Mafft alignment of multiple datasets

ju4n_dc · April 10, 2019, 7:21pm

Hi all. I'm working on multiple datasets, each one from an independent MiSeq run (lets name them run1, run2, run3, etc), all of them using the same pair of primers targeting the 16S rRNA gene. I receive a new dataset regularly which has to be compared with the previous ones in order to evaluate the temporal changes in composition and diversity. I have standardized a work scheme in which each dataset is "cleaned" independently using dada2 (based on run quality), and then the resulting table and rep-seq artifacts are combined with those of previous runs, obtaining two newly merged table and rep-seq artifacts encompassing all my datasets. For this I use the qiime feature-table merge and merge-seqs commands:

qiime feature-table merge
--i-tables run1-table-dada2.qza
--i-tables run2-table-dada2.qza
--i-tables run3-table-dada2.qza
...
--i-tables runi-table-dada2.qza
--o-merged-table merged-table.qza

qiime feature-table merge-seqs
--i-data run1-rep-seqs-dada2.qza
--i-data run2-rep-seqs-dada2.qza
--i-data run3-rep-seqs-dada2.qza
...
--i-data runi-rep-seqs-dada2.qza
--o-merged-data merged-rep-seqs.qza

The problem is that as datasets accumulate, the time of subsequent analysis increases disproportionately, particularly in the steps of alignment with mafft and construction of the phylogenetic tree with fasttree. I would like to know if there is any faster or more efficient way to combine the data and obtain the merged tree and table artifacts.
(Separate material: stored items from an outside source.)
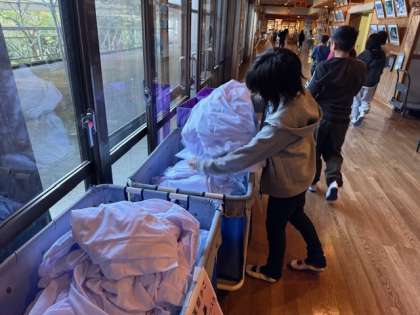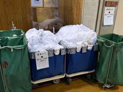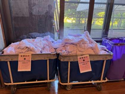 今回から、シーツは簡単にまとめて返却することができるようになりました。これまで、シーツをきれいにたたむのに、子どもたちはとても苦労していましたから、これはとても時短になります。よかったあ!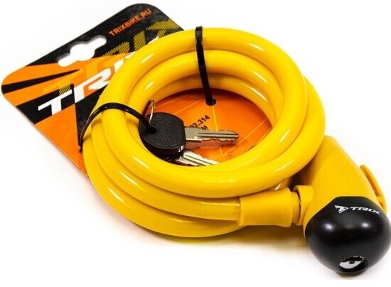 Замок велосипедный Trix трос с ключами 12х1500 мм желтый интересное: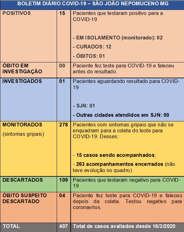 DESDE O DIA 16 /03 OU SEJA APÓS QUASE 100 DIAS , FORAM AVALIADOS 407 CASOS EM SÃO JOÃO NEPOMUCENO. DESTES 14 TESTARAM POSITIVO SENDO QUE 12 DESTES JÁ SE CURARAM. HOUVE UM ÓBITO REGISTRADO PARA SÃO JOÃO NEPOMUCENO DE UMA SENHORA DO DISTRITO DE ROÇA GRANDE QUE PASSOU POR PROCEDIMENTO CIRÚRGICO EM JUIZ DE FORA E APÓS O FALECIMENTO AINDA NO HOSPITAL, UM TESTE RÁPIDO DA UFJF ACUSOU POSITIVO.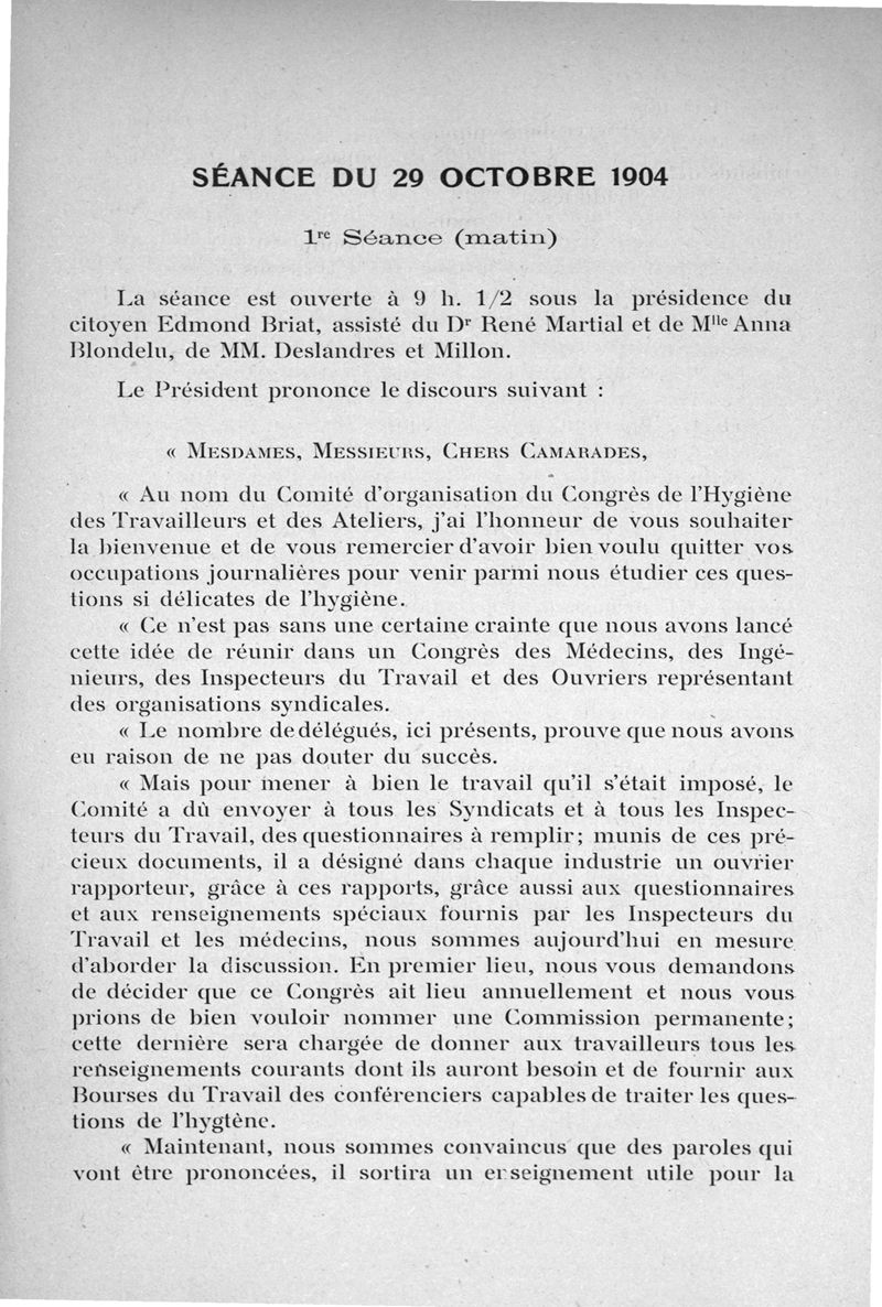 Congrès de l'hygiène des travailleurs et des ateliers (1 ; 1904 ; Paris).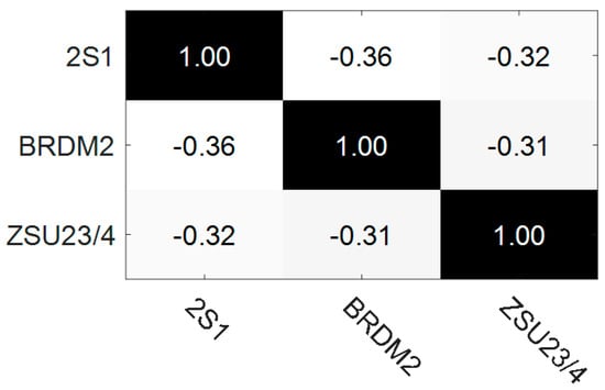 Correlation coefficients of three different tasks. The term’2S1’means the task to recognize vehicle 2S1 and the meanings of other terms are similar to this one.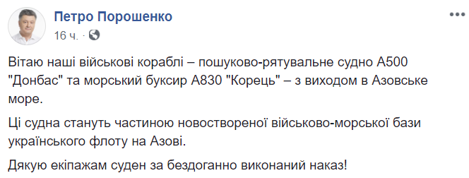 Спасибо экипажам судов по безупречно выполненный приказ!", - написал в Facebook президент Петр Порошенко.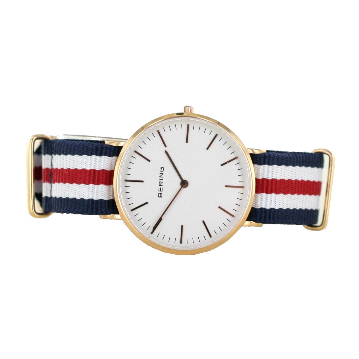 Armband: | buntes Nylonarmband, Breite: ca. 1,8 cm Länge d.Uhr: 24,0 cm, Dornschließe |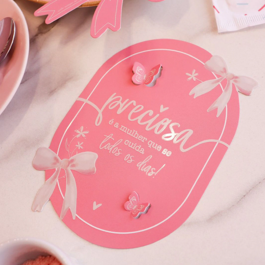 Papel: Couchê 300g com acabamento em verniz localizado na frente, corte oval e corte nas borboletas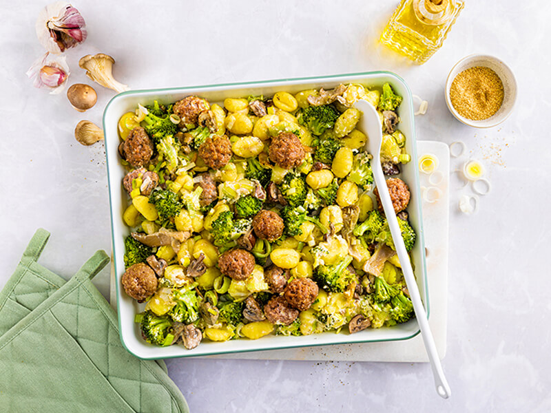 Traybake met gnocchi en gehaktballetjes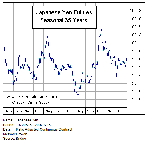 Seasonality in Japanese Yen futures trading suggests better performance during May and October, while performing poorly in July and August.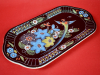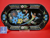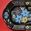 The tin glazed rectangular earthenware dish with flattened corners is a dish shape that has been part of dinner services from the 18th century, made in both Chinese porcelain and Delft earthenware. Decorated in several colours on a black base with flowering plants and a bird.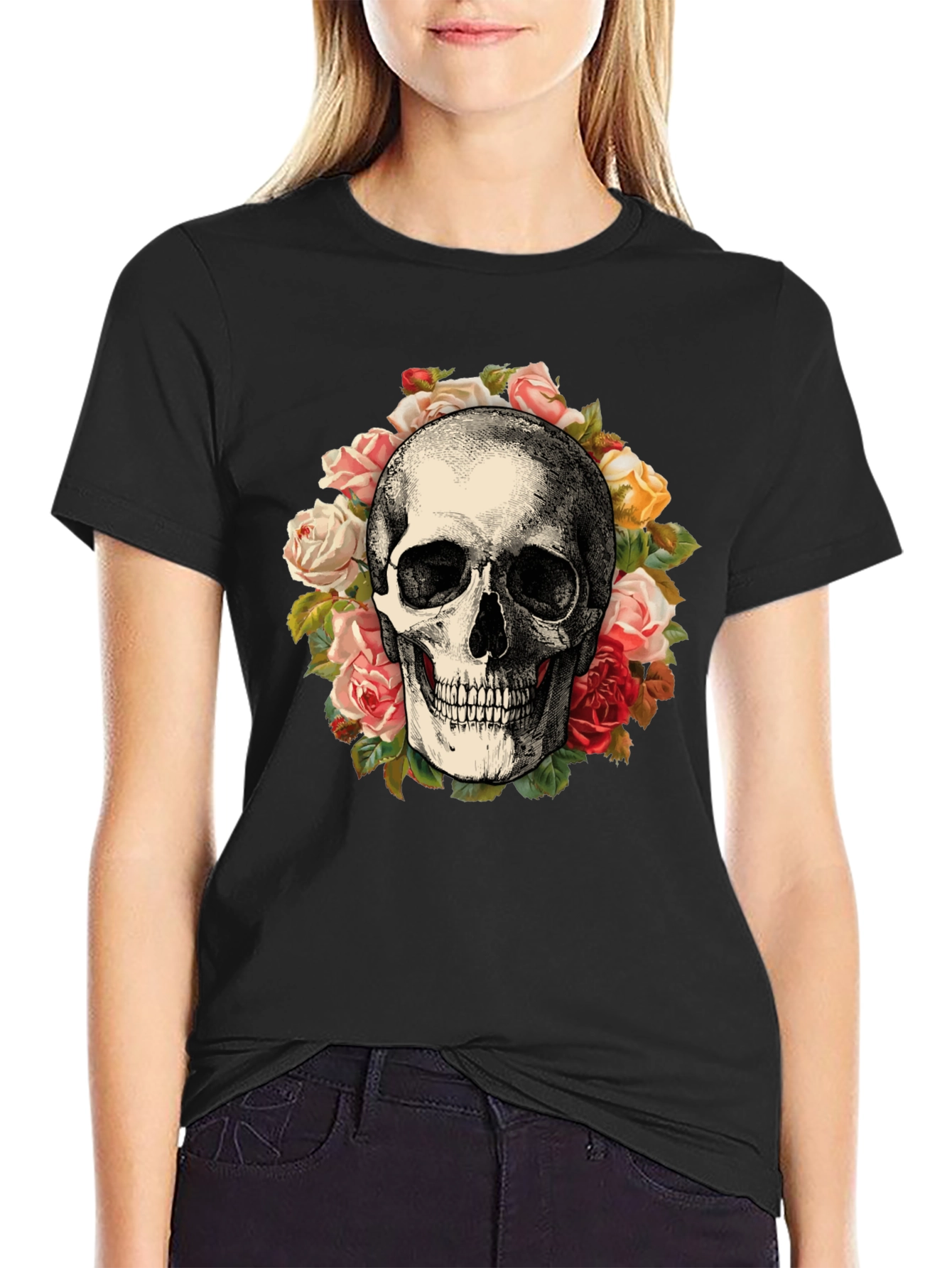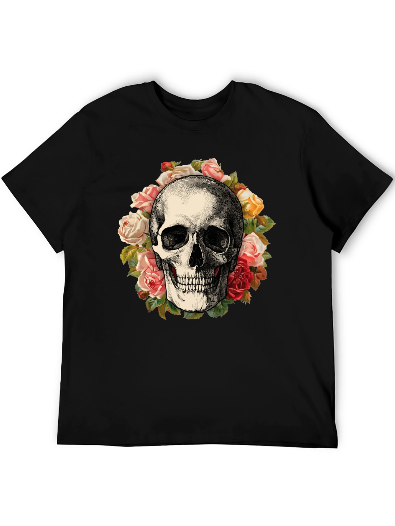 This black t-shirt features a striking graphic print of a skull surrounded by an array of beautiful roses. The design offers a unique blend of edgy and elegant styles, perfect for making a statement. Made from a comfortable, soft fabric, this t-shirt is ideal for everyday wear, concerts, or casual outings. Its classic crew neck and short sleeves ensure a relaxed fit. Pair it with jeans or shorts for a stylish, effortless look. A must-have for anyone who loves bold, artistic apparel. Show off your unique style with this eye-catching tee.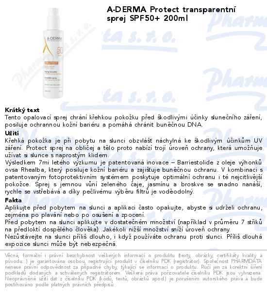 A-DERMA Protect transparentní sprej SPF50+ 200ml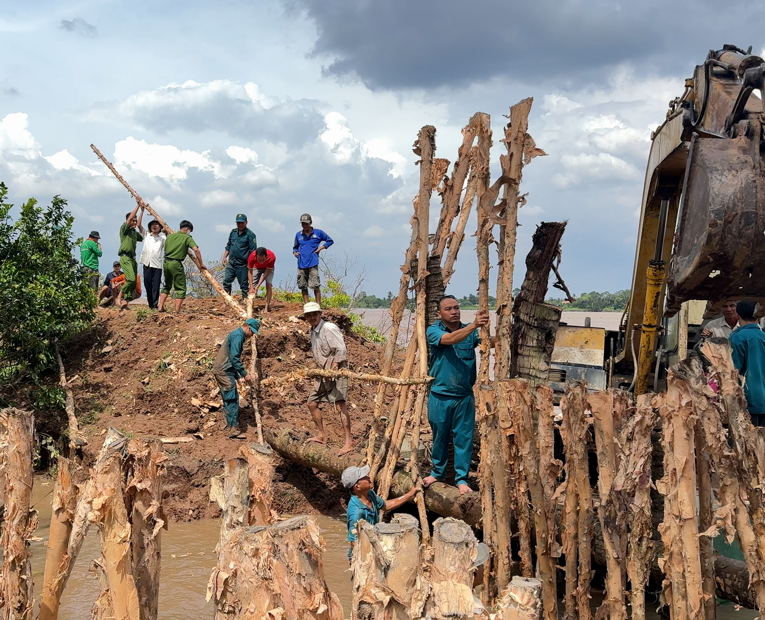 Lực lượng chức năng cùng người dân dùng cừ tràm để gia cố lại đoạn đê bị vỡ. Ảnh: HL
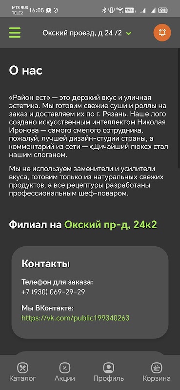 يتمحور موضوع "The District Eats" حول الذوق الجريء وجماليات الشوارع. نقوم بإعداد السوشي الطازج ولفائف الطلب وتسليمها في جميع أنحاء ريازان.

I also have some general questions about the process:

Does the merge-seqs step eliminates duplicate sequences present in more than one dataset?
Does the qiime alignment mafft module can take two different rep-seq artifacts as input? The first one already mafft-aligned/masked and a second one freshly obtained from a single-run dada2 cleaning step.
Would it be valid to analyze and compare diversity using separate trees for each run? Is there other way to merge trees coming from independent qiime2 analyses?

Apologies for the extension and thanks in advance.

Nicholas_Bokulich · April 11, 2019, 12:30pm

Indeed, since the alignment and tree is being built de novo each time.

I do not know if it is necessarily faster, but q2-fragment-insertion would provide a way to insert your sequences into an existing tree rather than building de novo each time.

Yes, as long as the sequence IDs are identical (they will be if they are ASVs, not if they are OTUs).

No

No, though you could perform non-phylogenetic analyses and avoid the need for a tree.

I hope that helps!

system · May 12, 2019, 6:31pm

This topic was automatically closed 31 days after the last reply. New replies are no longer allowed.